Multinomial logistic regressions assigned LC subtypes to individuals in the PLCO study. Although Cohen’s kappa of the most comprehensive model is nearly double that of the non-genetic model, classification accuracies across multinomial models are low in absolute terms. As expected, all of the binomial models exhibit higher kappas, mainly due to the difference in difficulty of predicting 2 outcomes versus 4 outcomes. Overall LC scores generated by merging LC subtype probabilities from the multinomial models also achieved AUCs similar to those of counterpart binomial models. However, the value of the multinomial approach becomes apparent when examining ordered LC prediction scores. With individuals in the bottom decile of scores from the best multinomial model (#6 in Table 3) as reference, those in the upper deciles have odds ratios of developing LC that follow a more evenly graded progression with a wider spread, compared to predicted risk deciles from the partner binomial model. In particular, the difference in stratification at the extremes is highly significant (Figure 2). Based on the multinomial model, odds of developing LC for PLCO subjects in the top predicted risk decile is 4.68 times the odds in the bottom decile. The binomial model was not as proficient in identifying the highest and lowest risk individuals, producing a corresponding odds ratio of 3.42.

Figure 2.

Figure 2

Odds ratios by risk prediction score deciles.
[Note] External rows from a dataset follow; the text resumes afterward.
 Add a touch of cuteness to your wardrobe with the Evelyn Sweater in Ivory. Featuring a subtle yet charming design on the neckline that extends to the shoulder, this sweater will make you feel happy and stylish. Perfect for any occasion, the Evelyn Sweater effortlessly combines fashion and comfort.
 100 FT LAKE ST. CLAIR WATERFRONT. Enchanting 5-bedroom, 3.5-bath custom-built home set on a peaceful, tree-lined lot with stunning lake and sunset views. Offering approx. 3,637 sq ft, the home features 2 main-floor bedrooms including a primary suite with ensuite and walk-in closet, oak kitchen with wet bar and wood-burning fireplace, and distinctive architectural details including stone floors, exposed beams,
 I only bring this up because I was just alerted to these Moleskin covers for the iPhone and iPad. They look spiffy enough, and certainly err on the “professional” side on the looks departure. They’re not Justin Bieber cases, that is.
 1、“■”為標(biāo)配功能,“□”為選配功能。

Individuals in the PLCO study were grouped into deciles based on their risk prediction scores from the #6 binomial and multinomial models in Table 3. The odds of having lung cancer for each decile were compared to the odds for the lowest decile. Bars denote the 95% confidence interval for these odds ratios.
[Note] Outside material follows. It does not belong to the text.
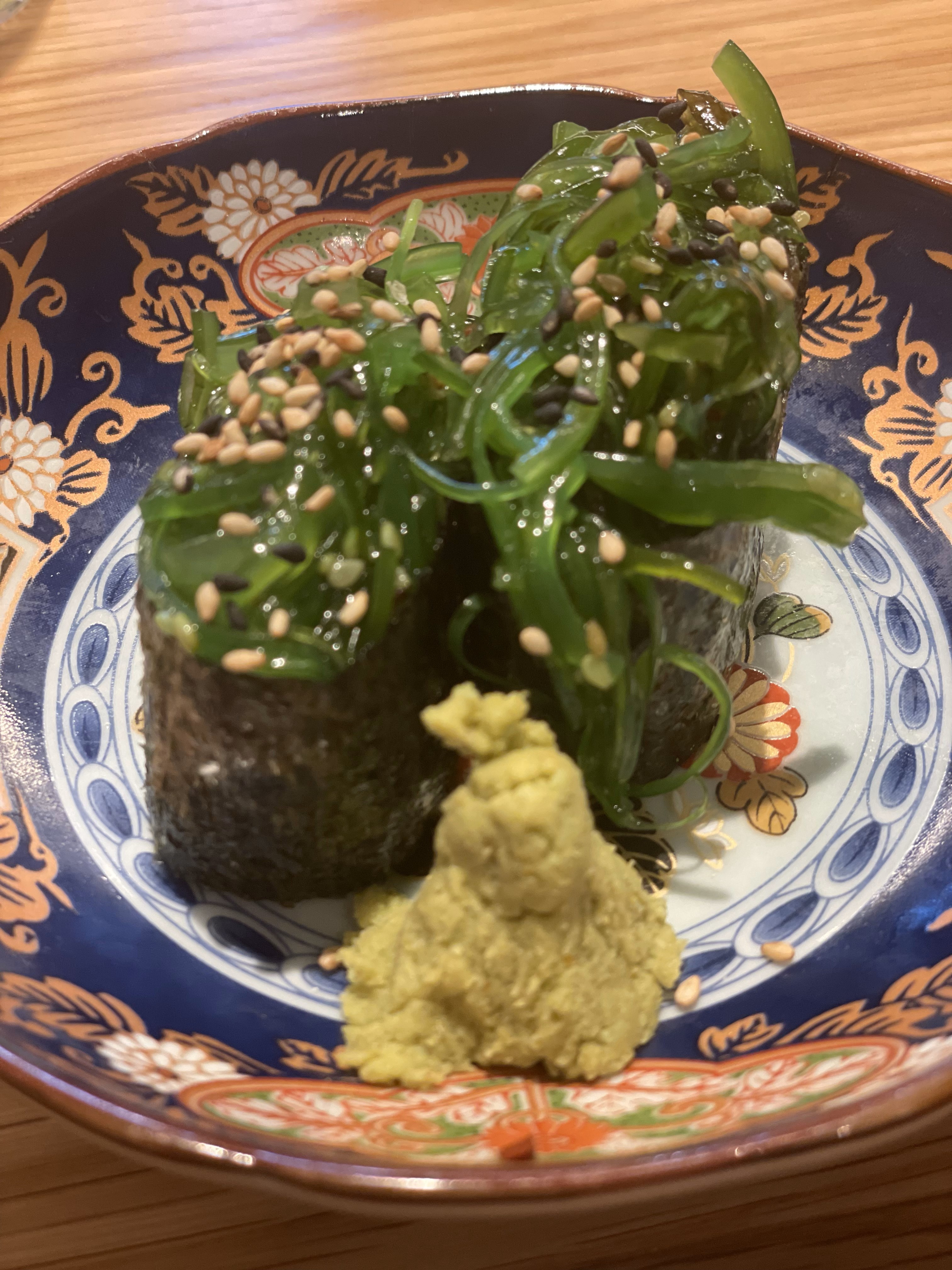I had a hard time choosing from the many tempting dishes, and eventually opted for the Inari wakame pouch, a rice pocket filled with seaweed salad (I have a serious love for wakame and this was so so good!).
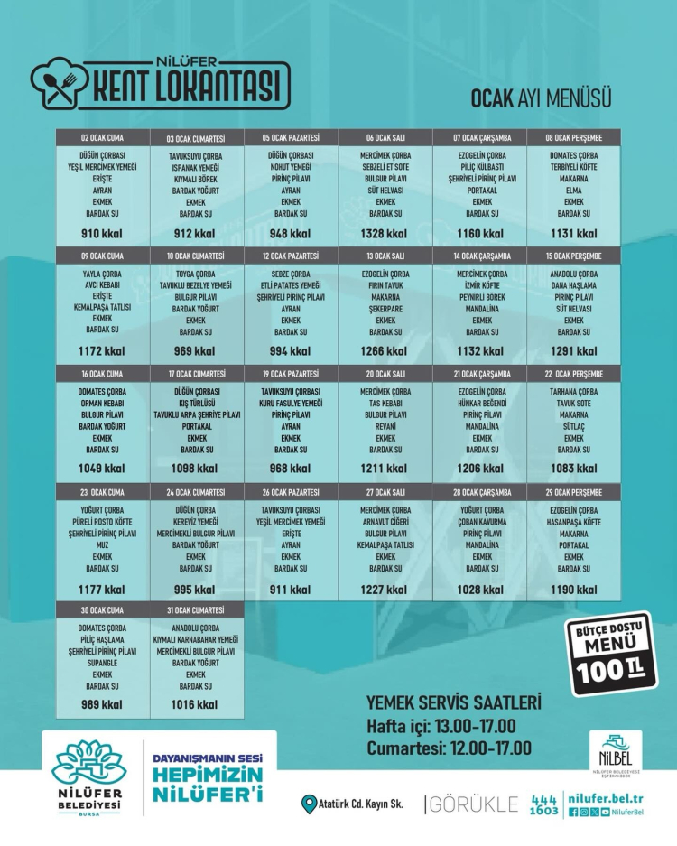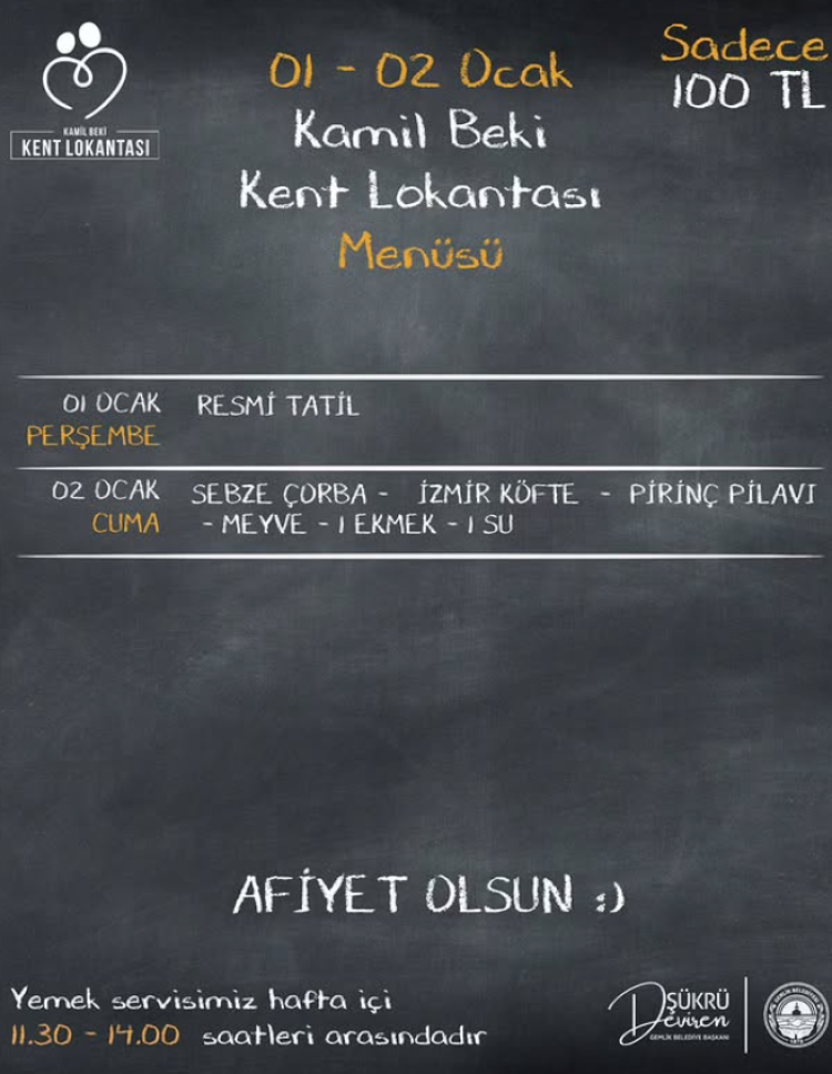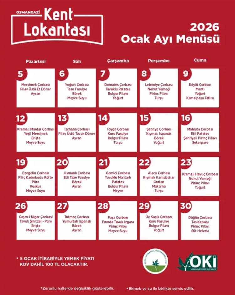 Büyükşehir Belediyesi'nin Kent Lokantası fiyatları ise henüz yayımlanmadı.

Beyond these deciles, constructing clinically meaningful risk categories is outside the scope of this study. Nevertheless, we still identified individuals at high risk for LC in a way that could at least be compared with the U.S. Preventive Services Task Force criteria: adults aged 55–80 years with at least 30 pack-years of smoking history, including former smokers who quit for less than 15 years (4). Of the 1,386 individuals in the PLCO test set, 777 meet this criteria and 362 (47%) actually developed LC. On the other hand, the 777 highest scoring individuals in PLCO from the #6 multinomial model consist of 435 (56%) LC cases, yielding a positive predictive value increase of 9%.

DISCUSSION

We put forward a method of improving LC risk prediction that is innovative in several ways. Since LC is a heterogeneous disease, we used SNP effect sizes from overall LC and subtype-stratified GWAS. While selection of SNP predictors has traditionally involved filtering SNPs by GWAS P-value or suspected functions (1216), we aggregated relevant SNP effects into pathway-level effects. Many studies have already warned about the shortcomings of conducting mainly biostatistical polygenic analyses of GWAS for complex disease prediction (44), even if a larger than expected portion of “missing heritability” has been extrapolated to be hidden rather than actually missing (34). Our biologic integration also included constructing pathway-smoking interactions, the first use of pathway-exposure interactions in germline genetic prediction.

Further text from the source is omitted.